BEGIN

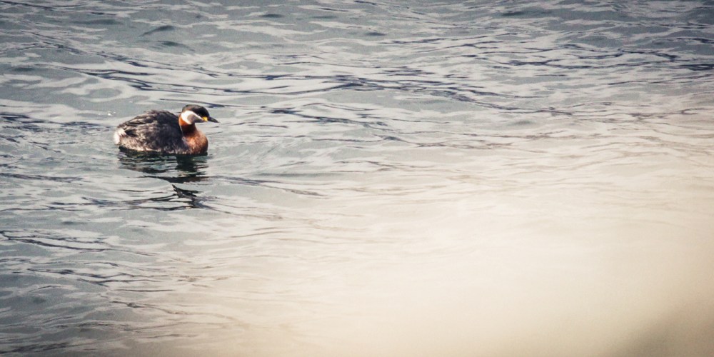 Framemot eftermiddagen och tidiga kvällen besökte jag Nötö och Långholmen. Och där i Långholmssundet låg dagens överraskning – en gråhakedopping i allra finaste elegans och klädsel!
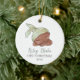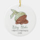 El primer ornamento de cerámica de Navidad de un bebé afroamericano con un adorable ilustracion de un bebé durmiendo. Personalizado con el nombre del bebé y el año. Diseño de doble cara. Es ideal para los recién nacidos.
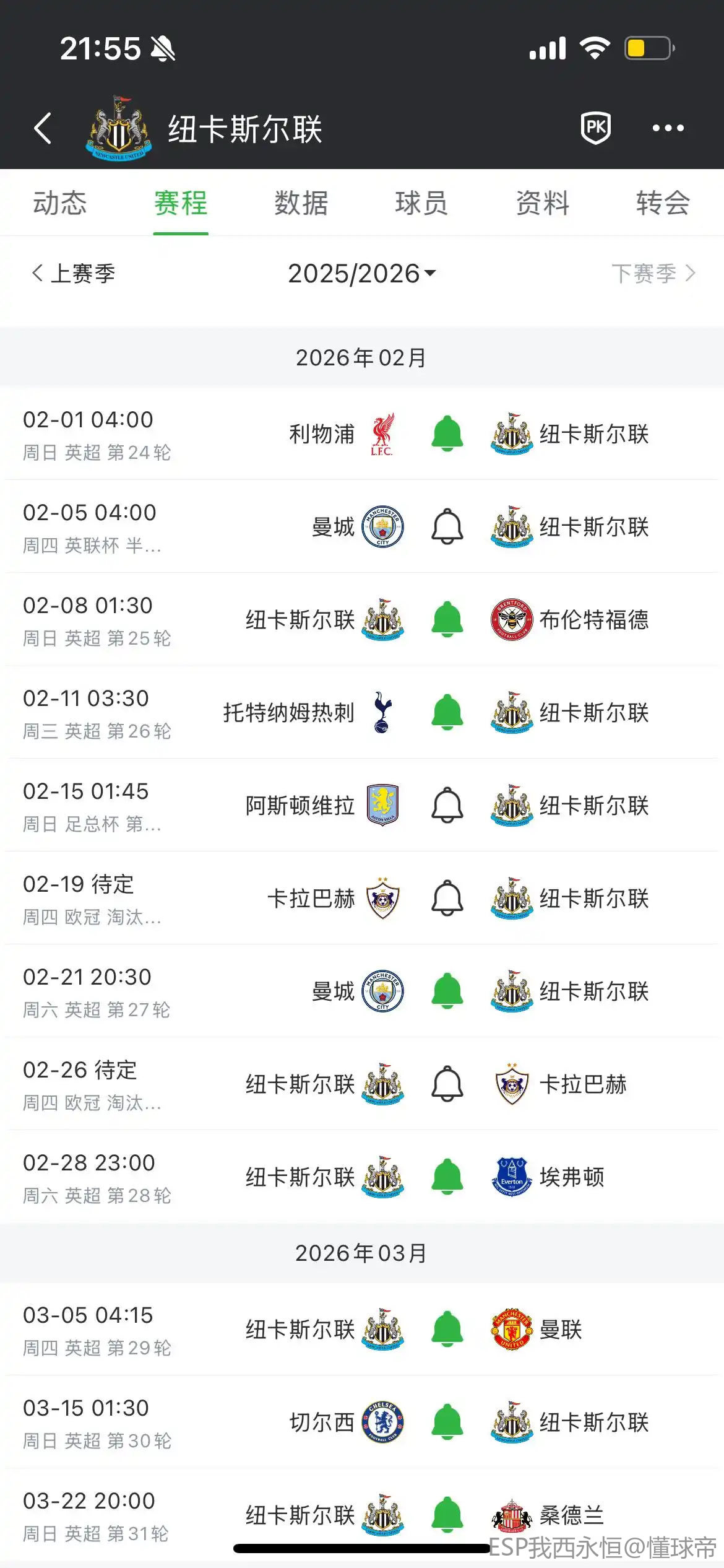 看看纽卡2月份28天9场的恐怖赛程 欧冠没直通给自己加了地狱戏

END

* _Work order_:
The answer should contain every line of the material exactly as written and no pictures.

* _Written solution_:
 Framemot eftermiddagen och tidiga kvällen besökte jag Nötö och Långholmen. Och där i Långholmssundet låg dagens överraskning – en gråhakedopping i allra finaste elegans och klädsel!
 El primer ornamento de cerámica de Navidad de un bebé afroamericano con un adorable ilustracion de un bebé durmiendo. Personalizado con el nombre del bebé y el año. Diseño de doble cara. Es ideal para los recién nacidos.
 看看纽卡2月份28天9场的恐怖赛程 欧冠没直通给自己加了地狱戏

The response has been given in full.